= EXERCISE BRIEF =
Quote all entries exactly, leaving pictures aside.
◆ ◆ ◆ ◆
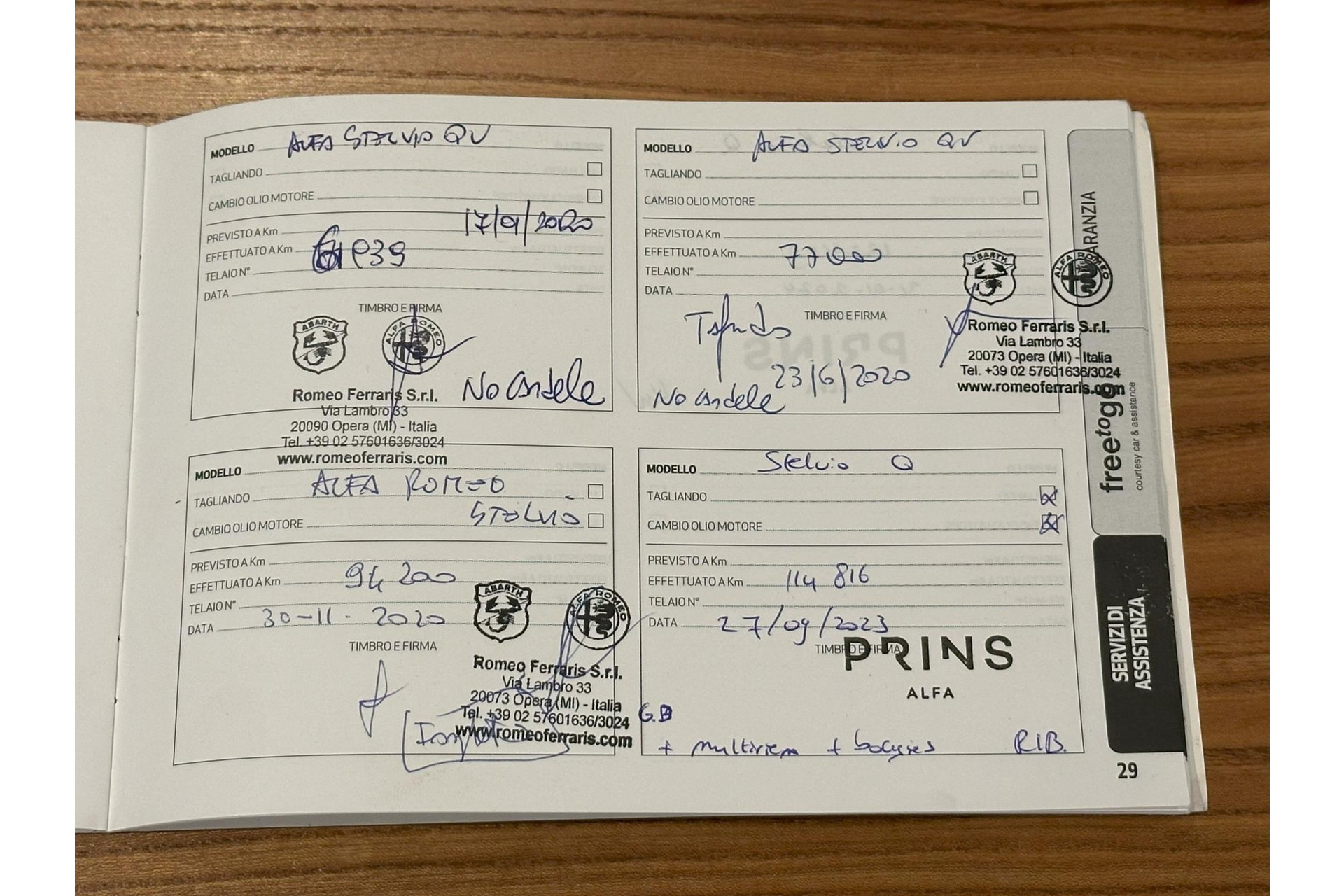 De Stelvio werd origineel in Italië geleverd aan de eerste eigenaar. De originele aankoopfactuur is aanwezig. De auto werd door deze eigenaar steeds door deze zelfde dealer onderhouden. In 2023 kwam de Stelvio naar Nederland. Hier werd de auto zakelijk gereden door de tweede eigenaar. Deze eigenaar liet de auto onderhouden door Alfa Romeo dealer Prins uit Nunspeet. De historie is volledige sluitend. Met recht een eerlijk en zuiver exemplaar. De staat is netjes en de Stelvio is duidelijk met zorg en liefde behandeld en bereden. Enig punt van kritiek zou de lichte steenslag op de voorzijde kunnen zijn.
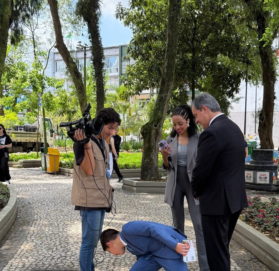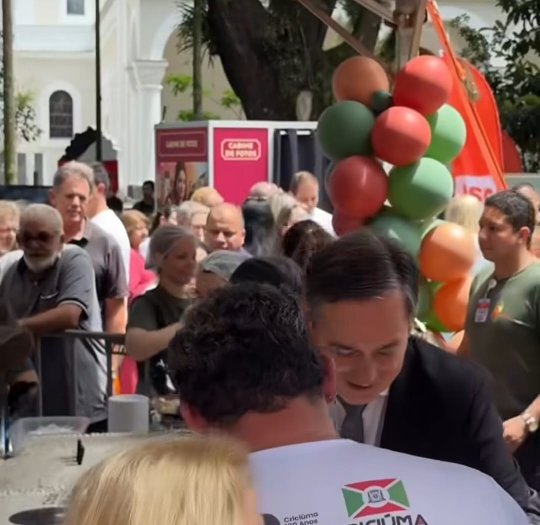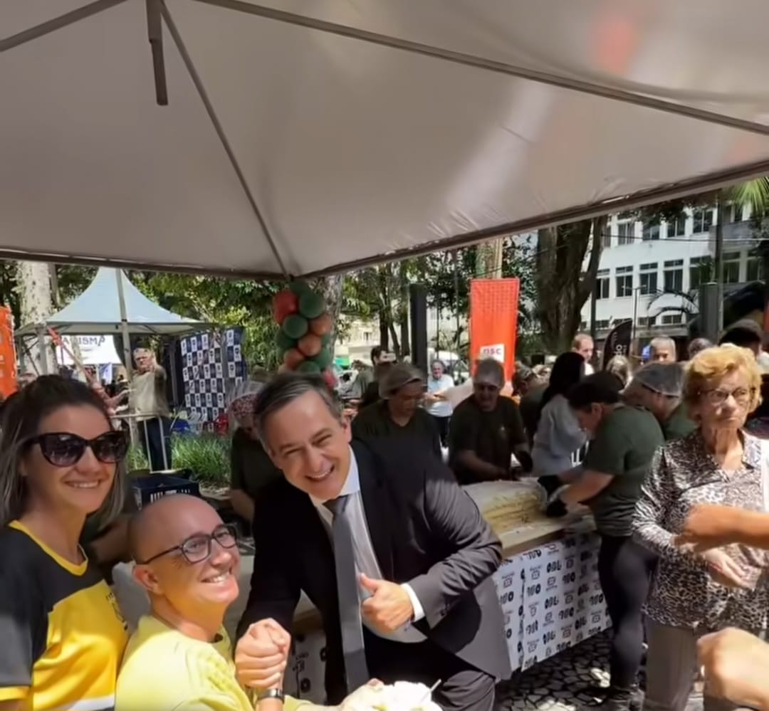 A comemoração dos 100 anos de emancipação político-administrativa de Criciúma transformou a Praça Nereu Ramos em um verdadeiro palco de festa — e de entrevistas!
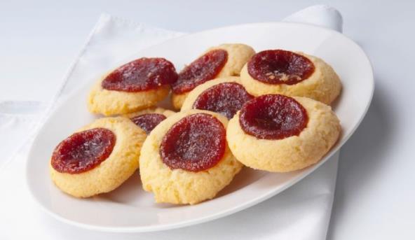2. Nanesite malo brašna naruke pa testo oblikujte u valjak prečnika oko 5 cm. Nožem isecite kolačiće širine 2 cm. Napravite na kolačićima malo udubljenje na sredini i tu stavite po kašičicu džema.
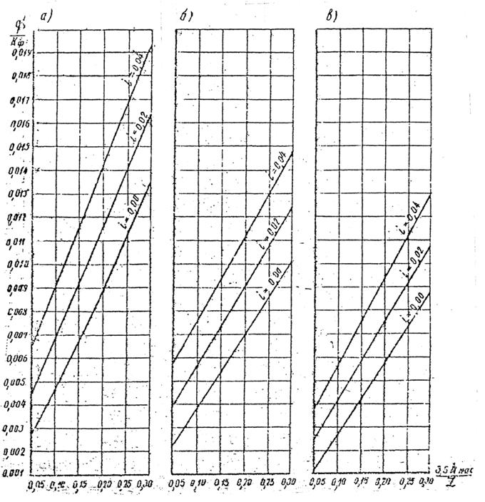 Рис. 7. Номограмма для расчета коэффициента накопления воды в дренирующем слое в местах, вогнутых переломов продольного профиля *) номограмма (рис. 7) построена для продольных уклонов одинакового направления. 2. Опыт проектирования показал, что толщина дренирующего слоя из материала с коэффициентом фильтрации Kф≤4 м/сутки, удовлетворяющая требованию своевременного отвода воды, обеспечивает и временное размещение воды в период, когда водоотводящие устройства не работают; толщина дренирующего слоя из материала с Kф≥4 м/сутки, рассчитанная по условию временного размещения воды, обычно обеспечивает отвод воды после оттаивания дрен. Поэтому расчет толщины дренирующего слоя ведется в зависимости от величины Kф. а) При использовании материала с Kф≤4 м/сутки расчет следует вести с помощью номограммы рис. 8 на своевременный отвод воды, поступающей за сутки. Рис. 8. Номограмма для расчета дренирующего слоя: а - мелкий песок; б - песок средней крупности; в - крупный песок. Сначала определяют отношение q'/Kф, где q'=0,5q, найденного по формуле (8), или q' = 0,5qвогн, найденного по формуле (9), при двухскатном поперечном профиле проезжей части и q' = q (или q' = qвогн) - при односкатном. Затем для данного отношения q'/Kф (вертикальная ось) с учетом поперечного уклона грунтового основания i (кривые на номограмме) определяют толщину слоя дренирующего материала, полностью насыщенного водой hнас (горизонтальная ось). Номограмма построена для пути фильтрации воды в дренирующем слое Z = 3,5÷3,75. Это соответствует случаю, когда приемная часть дрен находится у краев двухскатной проезжей части шириной 7,0-7,5 м. При иной ширине проезжей части, а также при устройстве сплошного дренирующего слоя под обочинами, когда путь фильтрации равен Z1, величину h'нас находят из равенства:
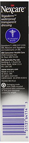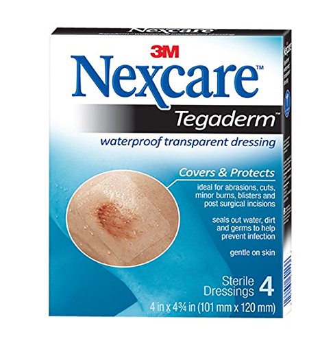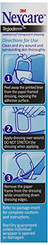 Nexcare Tegaderm Waterproof Transparent Dressing is a top choice in hospitals when transparent dressings are needed. The unique properties of Nexcare Tegaderm Waterproof Transparent Dressings make it flexible with your body and breathable for greater comfort while protecting abrasions, cuts, minor burns, blisters, and post-surgical incisions. It is waterproof, staying on in the bath or shower, and seals out water, dirt and germs to help prevent infection. Tegaderm Dressing can be worn for up to 7 days, making it ideal for securing IV catheters or other tubing, and for post-surgical dressings. With all that, it is still gentle on the skin, protecting even reddened or fragile skin. Tegaderm Waterproof Transparent Dressings are also hypoallergenic and not made with natural rubber latex.
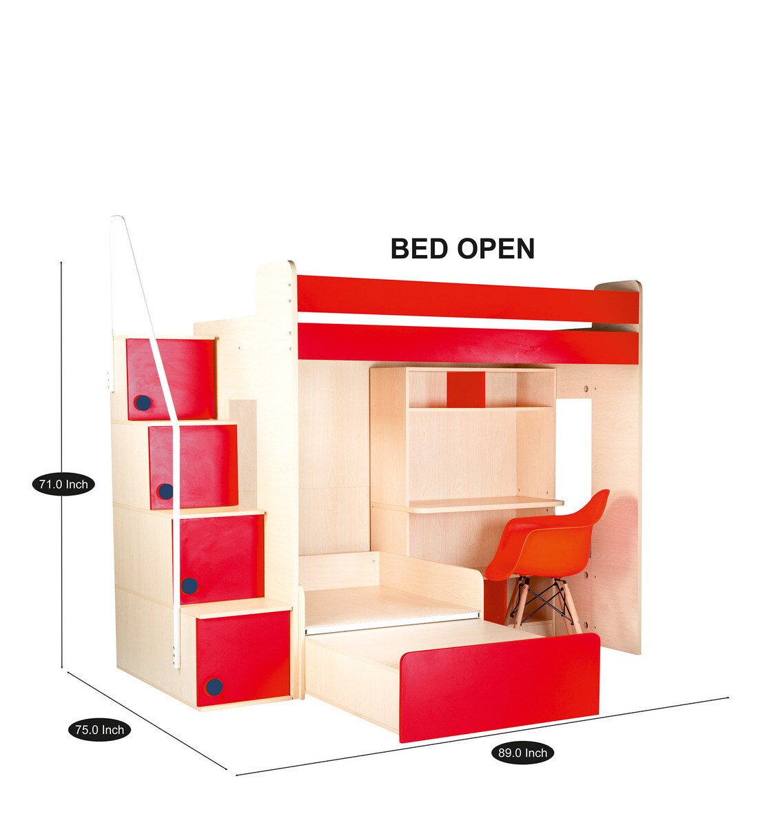 Buy Flexi Study Bed Unit in Red Colour By YiPi Online Online Bunk Beds Bunk Beds Furniture
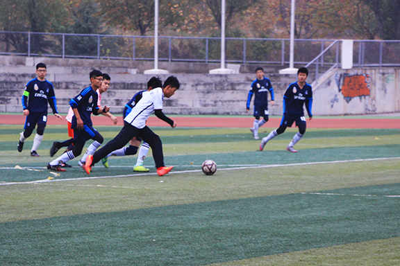 绿茵点亮梦想,激情舞动青春。随着裁判的一声哨响,比赛开始,寒冷的天气阻挡不了大家的热情,双方都使出全力,你攻我守,队员们已经迅速进入状态。上半场的比赛中,我院队员通过积极配合、团结协作,首进一球。足球场上,队员们尽力拼搏,奔跑如离弦之箭,观众的加油声也是振奋人心。当比赛进入到下半场,我院队员提高了防守强度,致使对方极难进入禁区,队员抓住机会,在侧翼发动攻击再次进球,将比分扩大并将领先优势保持到最后。最终,数字艺术与传媒学院以2:0的成绩取得比赛的胜利。
◆ ◆ ◆ ◆
= REPLY TO THE TASK =
 De Stelvio werd origineel in Italië geleverd aan de eerste eigenaar. De originele aankoopfactuur is aanwezig. De auto werd door deze eigenaar steeds door deze zelfde dealer onderhouden. In 2023 kwam de Stelvio naar Nederland. Hier werd de auto zakelijk gereden door de tweede eigenaar. Deze eigenaar liet de auto onderhouden door Alfa Romeo dealer Prins uit Nunspeet. De historie is volledige sluitend. Met recht een eerlijk en zuiver exemplaar. De staat is netjes en de Stelvio is duidelijk met zorg en liefde behandeld en bereden. Enig punt van kritiek zou de lichte steenslag op de voorzijde kunnen zijn.
 A comemoração dos 100 anos de emancipação político-administrativa de Criciúma transformou a Praça Nereu Ramos em um verdadeiro palco de festa — e de entrevistas!
2. Nanesite malo brašna naruke pa testo oblikujte u valjak prečnika oko 5 cm. Nožem isecite kolačiće širine 2 cm. Napravite na kolačićima malo udubljenje na sredini i tu stavite po kašičicu džema.
 Рис. 7. Номограмма для расчета коэффициента накопления воды в дренирующем слое в местах, вогнутых переломов продольного профиля *) номограмма (рис. 7) построена для продольных уклонов одинакового направления. 2. Опыт проектирования показал, что толщина дренирующего слоя из материала с коэффициентом фильтрации Kф≤4 м/сутки, удовлетворяющая требованию своевременного отвода воды, обеспечивает и временное размещение воды в период, когда водоотводящие устройства не работают; толщина дренирующего слоя из материала с Kф≥4 м/сутки, рассчитанная по условию временного размещения воды, обычно обеспечивает отвод воды после оттаивания дрен. Поэтому расчет толщины дренирующего слоя ведется в зависимости от величины Kф. а) При использовании материала с Kф≤4 м/сутки расчет следует вести с помощью номограммы рис. 8 на своевременный отвод воды, поступающей за сутки. Рис. 8. Номограмма для расчета дренирующего слоя: а - мелкий песок; б - песок средней крупности; в - крупный песок. Сначала определяют отношение q'/Kф, где q'=0,5q, найденного по формуле (8), или q' = 0,5qвогн, найденного по формуле (9), при двухскатном поперечном профиле проезжей части и q' = q (или q' = qвогн) - при односкатном. Затем для данного отношения q'/Kф (вертикальная ось) с учетом поперечного уклона грунтового основания i (кривые на номограмме) определяют толщину слоя дренирующего материала, полностью насыщенного водой hнас (горизонтальная ось). Номограмма построена для пути фильтрации воды в дренирующем слое Z = 3,5÷3,75. Это соответствует случаю, когда приемная часть дрен находится у краев двухскатной проезжей части шириной 7,0-7,5 м. При иной ширине проезжей части, а также при устройстве сплошного дренирующего слоя под обочинами, когда путь фильтрации равен Z1, величину h'нас находят из равенства:
 Nexcare Tegaderm Waterproof Transparent Dressing is a top choice in hospitals when transparent dressings are needed. The unique properties of Nexcare Tegaderm Waterproof Transparent Dressings make it flexible with your body and breathable for greater comfort while protecting abrasions, cuts, minor burns, blisters, and post-surgical incisions. It is waterproof, staying on in the bath or shower, and seals out water, dirt and germs to help prevent infection. Tegaderm Dressing can be worn for up to 7 days, making it ideal for securing IV catheters or other tubing, and for post-surgical dressings. With all that, it is still gentle on the skin, protecting even reddened or fragile skin. Tegaderm Waterproof Transparent Dressings are also hypoallergenic and not made with natural rubber latex.
 Buy Flexi Study Bed Unit in Red Colour By YiPi Online Online Bunk Beds Bunk Beds Furniture
 绿茵点亮梦想,激情舞动青春。随着裁判的一声哨响,比赛开始,寒冷的天气阻挡不了大家的热情,双方都使出全力,你攻我守,队员们已经迅速进入状态。上半场的比赛中,我院队员通过积极配合、团结协作,首进一球。足球场上,队员们尽力拼搏,奔跑如离弦之箭,观众的加油声也是振奋人心。当比赛进入到下半场,我院队员提高了防守强度,致使对方极难进入禁区,队员抓住机会,在侧翼发动攻击再次进球,将比分扩大并将领先优势保持到最后。最终,数字艺术与传媒学院以2:0的成绩取得比赛的胜利。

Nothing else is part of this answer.